The historical economics of the business are incredible. Burford’s 10-year IRR on their concluded cases is 30%. Excluding Peterson, the firm’s homerun investment, the IRR is 24%. Add in income from Burford’s other businesses to that 24% IRR, then net out opex, taxes and interest, and you have a security with 20% ROE. At .66x book, that’s a 30% annual return to investors. But that’s only half the story. The company is growing book value 15-20% a year. By 2021, book value will likely be at least $10/share. A company with 20% ROE and strong growth deserves at least a 2.5x book multiple. That would make the shares worth $25 a share in USD or £19.50 in GBP, 5x today’s price. In terms of earnings, that would be a 14x P/E. And this assumes that IRRs going forward are 24% instead of the 30% they’ve been in the past.
There’s also another factor that investors have ignored. Litigation isn’t levered to the broader economy the way almost all other companies are.
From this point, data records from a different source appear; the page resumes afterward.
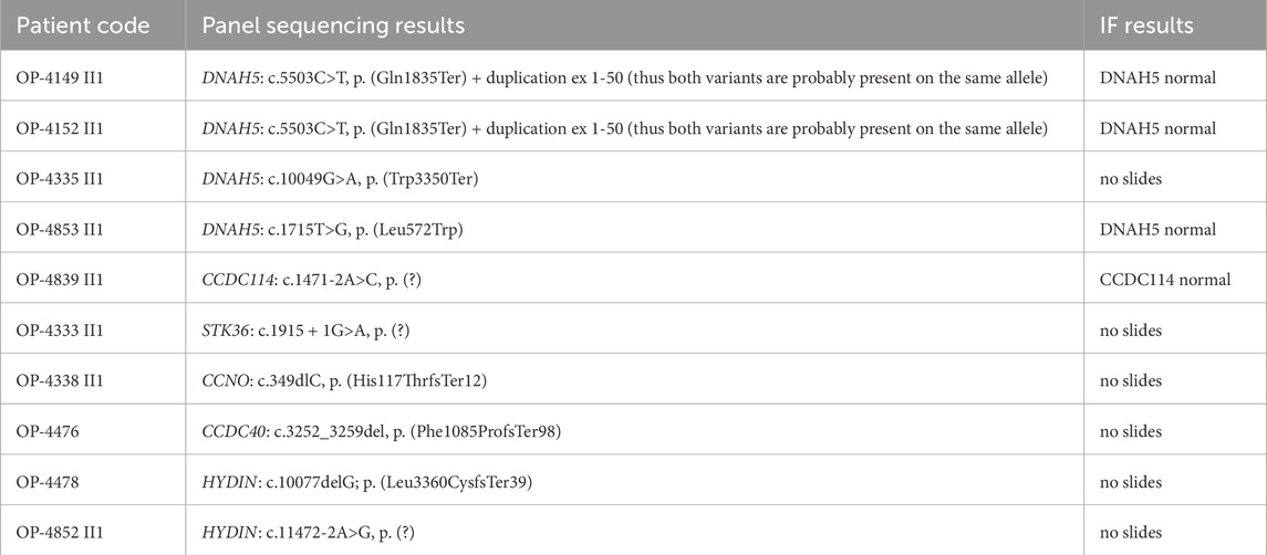 DNAH5 variants, identified in three children (8.1%) were associated with LRTI, chronic rhinitis, chronic sinusitis, and chronic wet cough. One child had neonatal RDS, one had bronchiectasis, and two had situs inversus. Similar findings were reported with DNAH5 variants in 12% of Egyptian PCD-affected individuals (Fassad et al., 2020b). DNAAF4 and DNAAF11 variants in three individuals each (8.1%) resulted in LRTI, chronic wet cough, RDS and situs inversus. The DNAAF4 variant c.808C>T has been previously reported in three individuals in the study by Raidt et al. (2024). One case exhibited PIH1D3 variants, presenting with neonatal RDS, pan-sinusitis, diffuse bronchiectasis, and had undergone a middle lobectomy, matching prior descriptions of X-linked pattern of inheritance (Paff et al., 2017). The pathogenicity of the identified variants in DNAH5, DNAAF4, DNAAF6 (PIH1D3) and DNAAF11 was further confirmed by the absence of DNAH5 from the respiratory axonemes by IF (Figure 2).
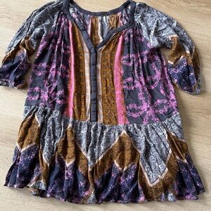 Free People Portobello Road cold shoulder trapeze mini dress. Three-quarter, full sleeves. Full, gathered skirt. Notched V-neck with hidden button placket. Loose pullover styling Can be worn as a short dress or long tunic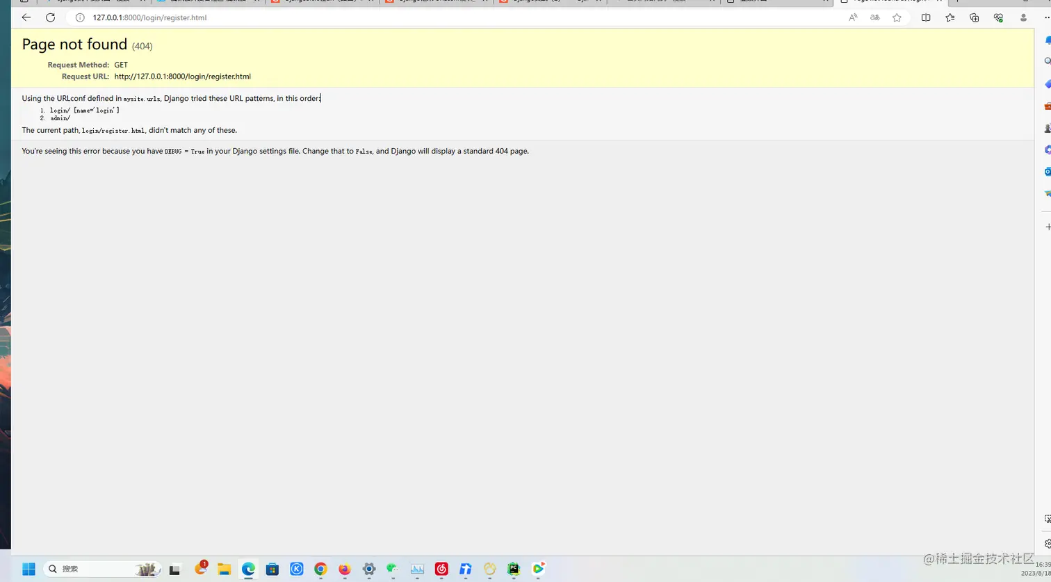 django:找不到界面? 用户1379820343331 2023-08-18 70 阅读1分钟 主路由urls: 添加描述 子路由urls: 添加描述 服务运行访问路由:127.0.0.1:8000/login,在这个页面点击注册,他跳转的路由是127.0.0.1:8000/login/register.html,这样就使django报错找不到页面: 添加描述 想问一下各位大佬,应该如何更改路由才能跳转正确,自学的python有很多不懂。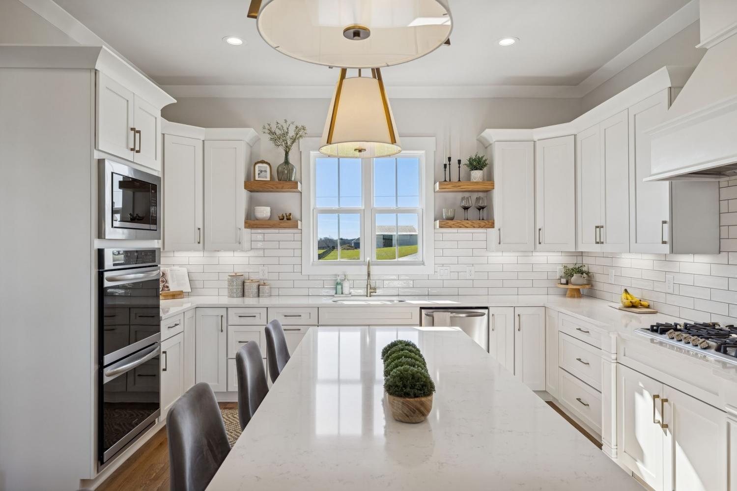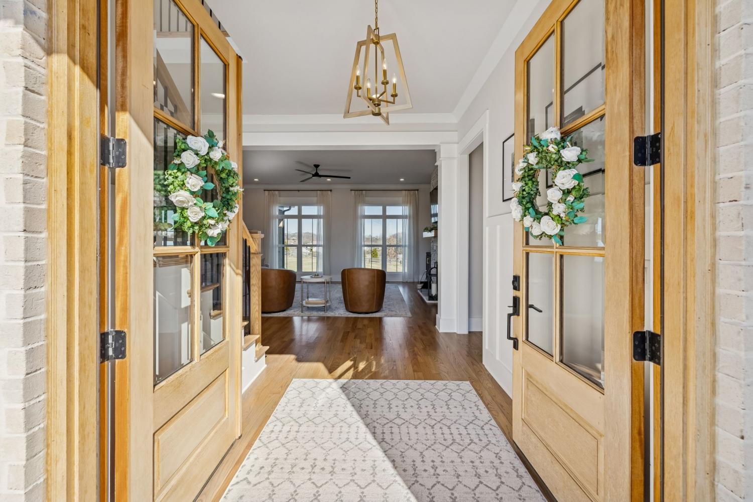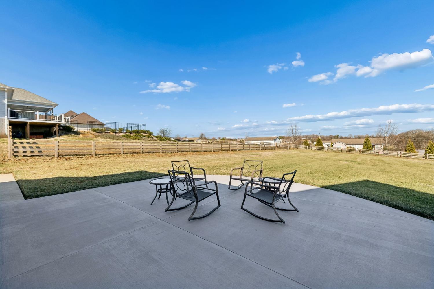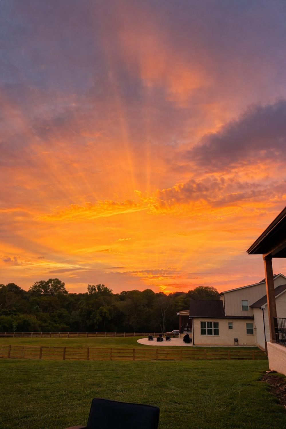 This luxury home offers a level of quality, space, and intentional design that goes beyond a typical new build. Located in a boutique neighborhood with minimal traffic and wide open surroundings, it provides peaceful living without sacrificing convenience. The home features expansive views with beautiful sunrises and sunsets, along with abundant natural light from large windows overlooking the surrounding hills. The layout is thoughtfully designed for functionality, including a massive, separate playroom ideal for kids or flexible living space. All bedrooms are en-suites. The primary and a secondary bedroom are downstairs, with two additional bedrooms upstairs. A large walk-in attic offers exceptional storage or future build-out potential, while the lengthy, wide driveway allows for ample parking and outdoor play. The epoxy-finished 3 car garage adds a polished, durable touch. Outdoor living is enhanced on a larger than normal lot, by both a covered patio that remains shaded for much of the day during warmer months, and an uncovered patio for more room for entertaining. Additional features include an encapsulated walk-in crawl space and a storm shelter, reinforcing the home’s quality and practicality. All of this is just minutes from everyday conveniences like the new Publix, restaurants, movie theater, Fischer Park, and quick access to I-65. Designed intentionally and built for everyday living, this home delivers luxury, privacy, and functionality in one exceptional package.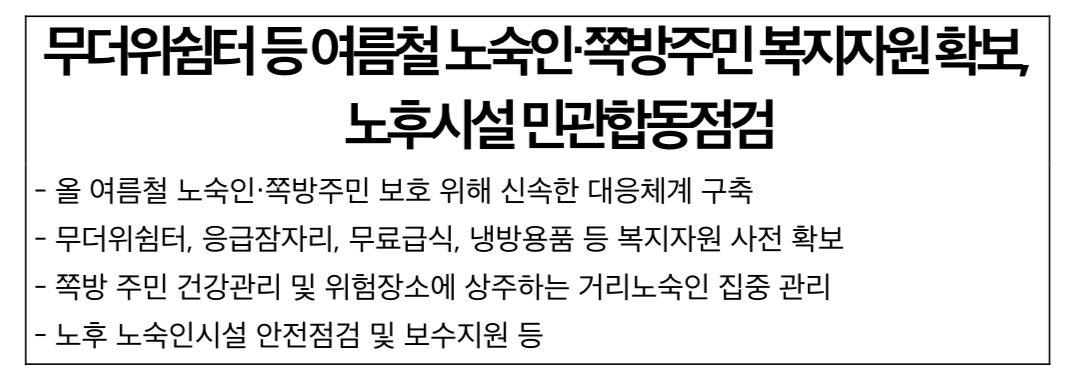 여름철 노숙인 및 쪽방 주민 보호 대책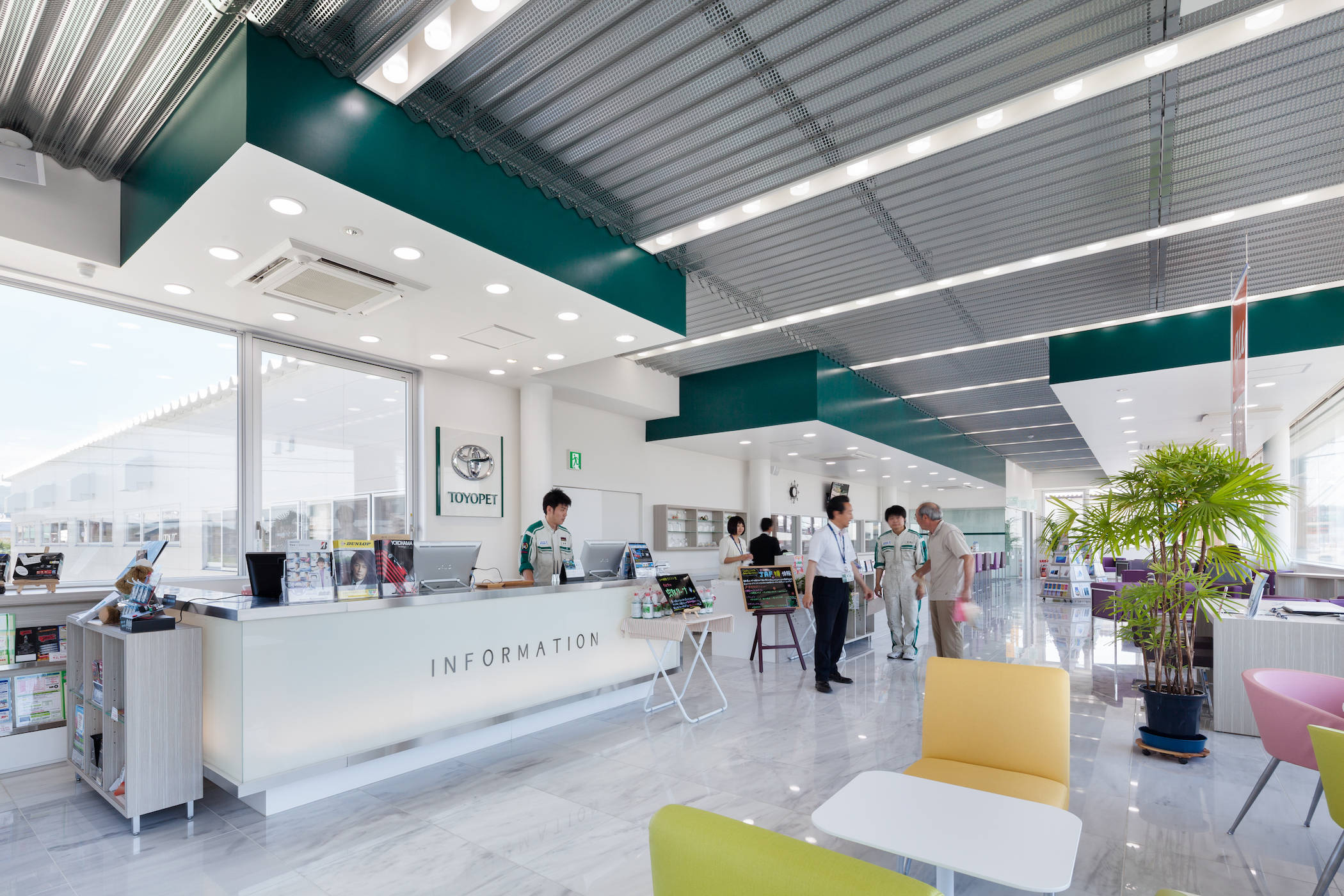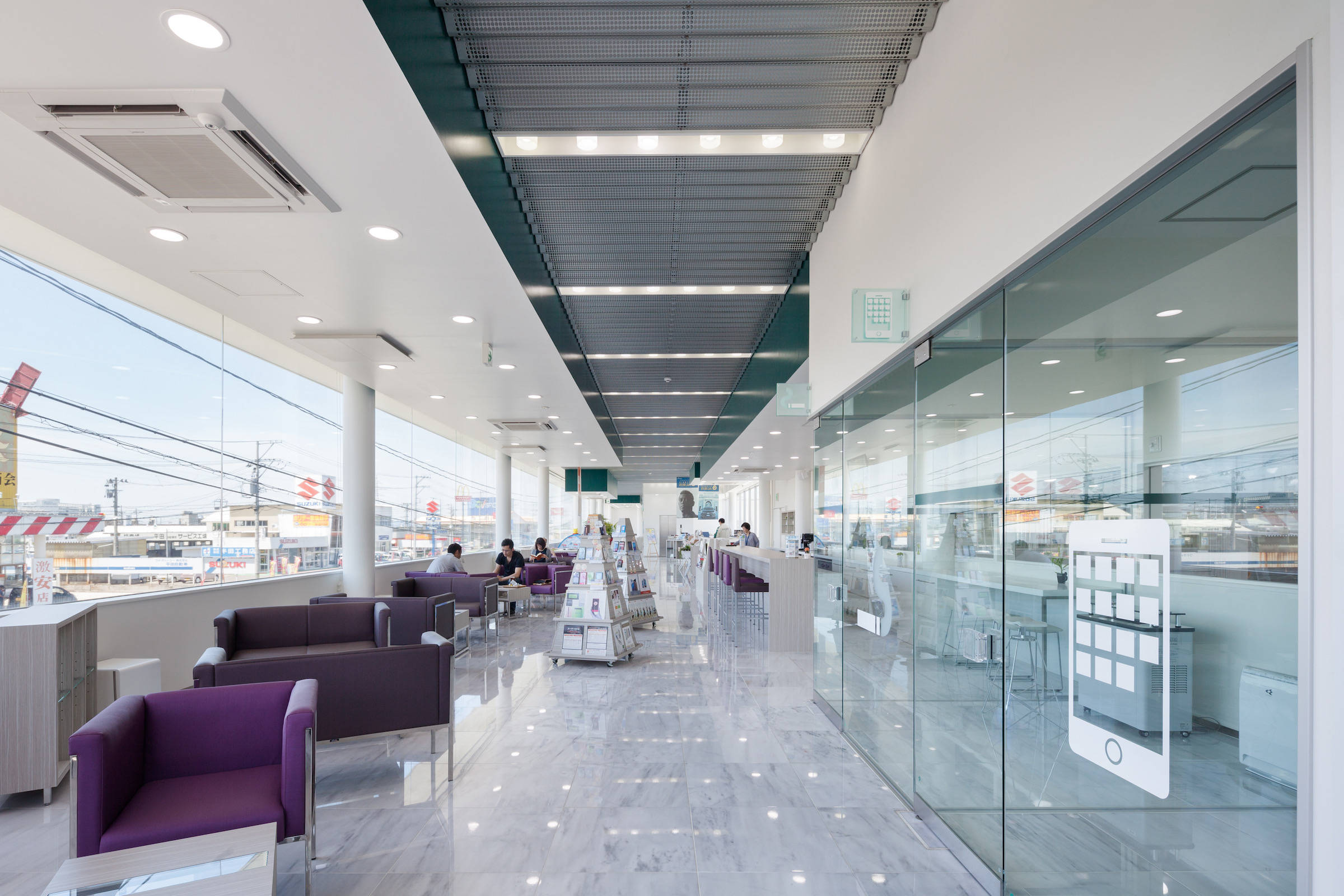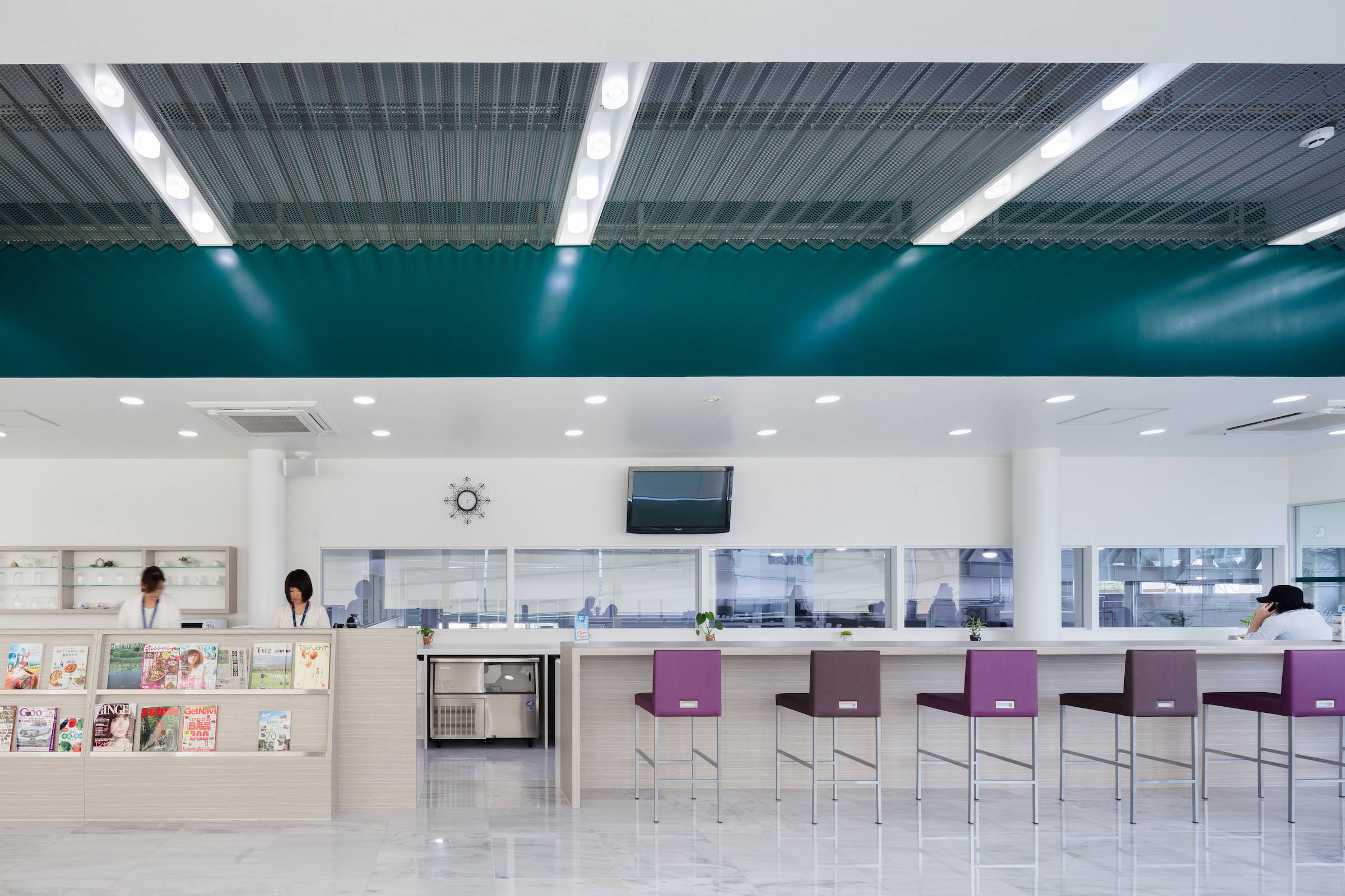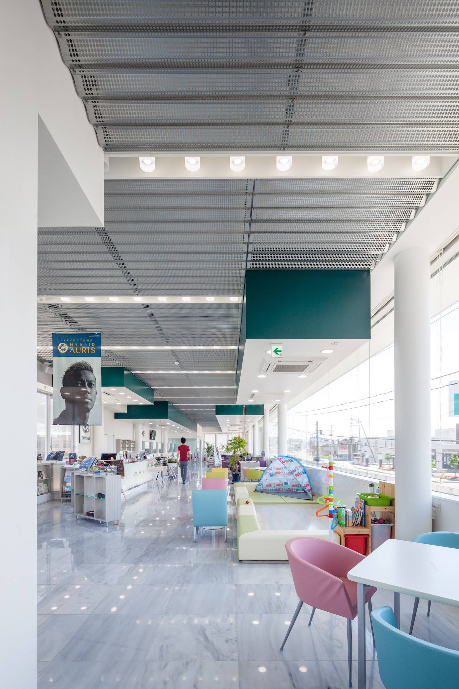 天井は、パンチングを施した亜鉛メッキのスチール折半を全体に張り詰め、要所要所に天井を低くぶら下げることで、車のスケールの大きな空間の中にヒューマンスケールの居場所を提供しました。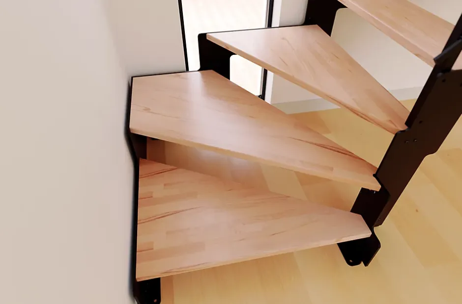 Escalier crémaillière quart tournant Costa rampe acier marche hêtre l. 2.75 m
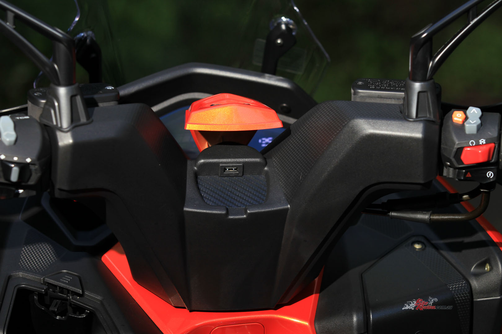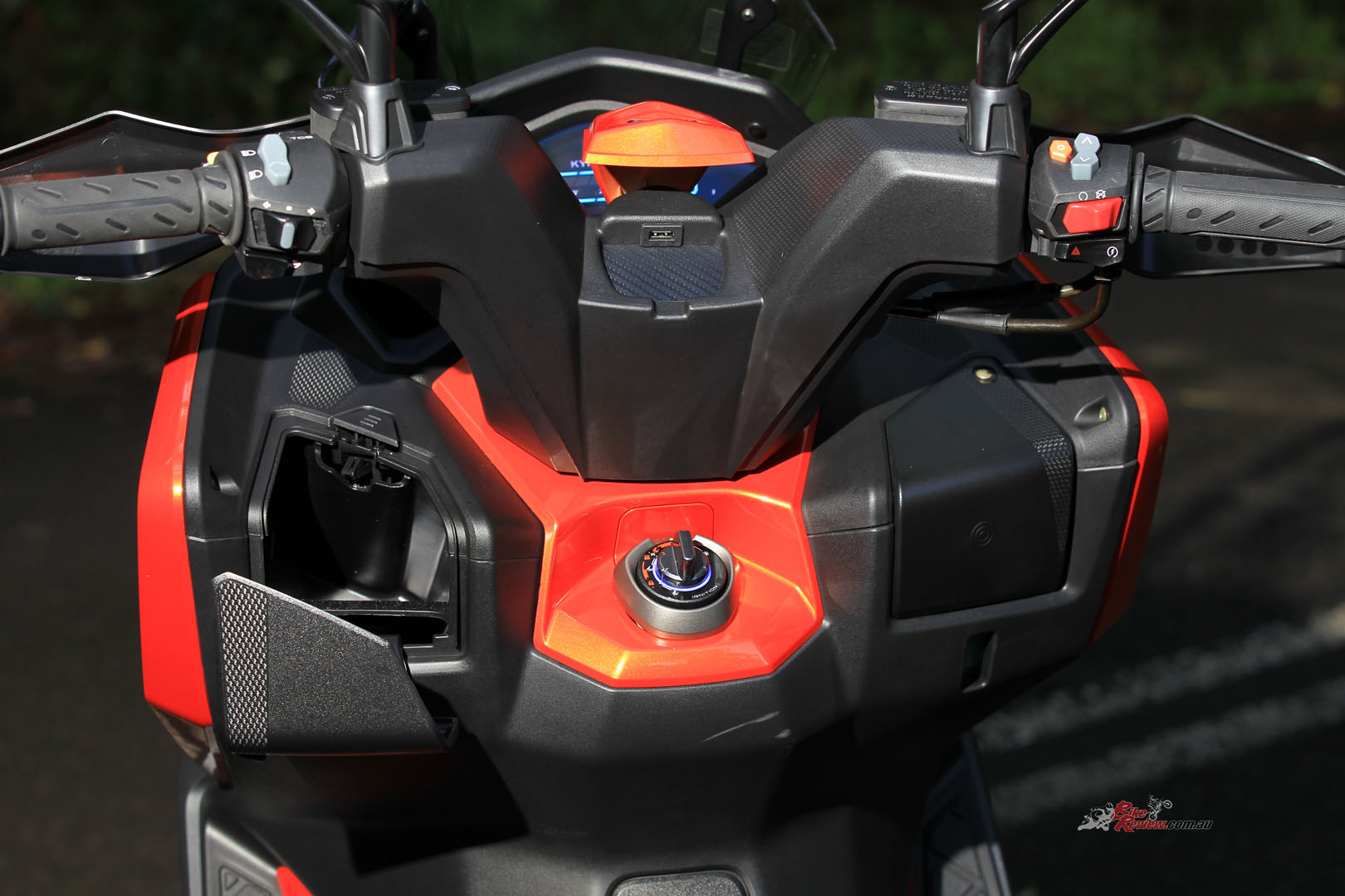 The KYMCO features a simple LCD dash, it’s a bummer they didn’t opt for the TFT dash with turn by turn navigation seen on the 2021 Downtown 350i, it would’ve made me see some more value for money with the DT X360. Other nifty gadgets include two USB ports (one hidden under the logo in the centre of the handlebars) and plenty of buttons to push. I will admit, when I was riding home, I noticed that my hazard lights were on and I couldn’t work out why. I soon realised that there is almost no resistance on the switch for them and it’s in the prime position to accidentally click on while riding. I did this at least twice every time I rode…

In fact it’s countercyclical. IMF Bentham, another public litigation finance firm, put up record results in the wake of the financial crisis. Burford is poised to do the same. Except unlike IMF, which compounded only its own capital back then, Burford can do this both on its own capital and on the $2.8 billion it manages.
This situation exists because a cloud hangs over Burford in the form of a short thesis published in August 2019 by Muddy Waters (“MW”). MW largely focused on attacking management’s credibility, which it accomplished with at best mixed results. However, the real scare factor from MW was actually a totally valid point. Burford uses Level 3 accounting, so as investors, our lives are in Burford’s hands. But, contrary to MW’s argument, the fact that Burford uses Level 3 accounting should come as a surprise to no one. Most of the firms in the space mark to fair value. Litigation finance is basically private equity but with a two-year time horizon instead of ten. Level 3, in this case, is also useful to investors. Without it, returns will look depressed relative to reality because the firm is growing rapidly and there’s a lag between deployments of capital and recoveries.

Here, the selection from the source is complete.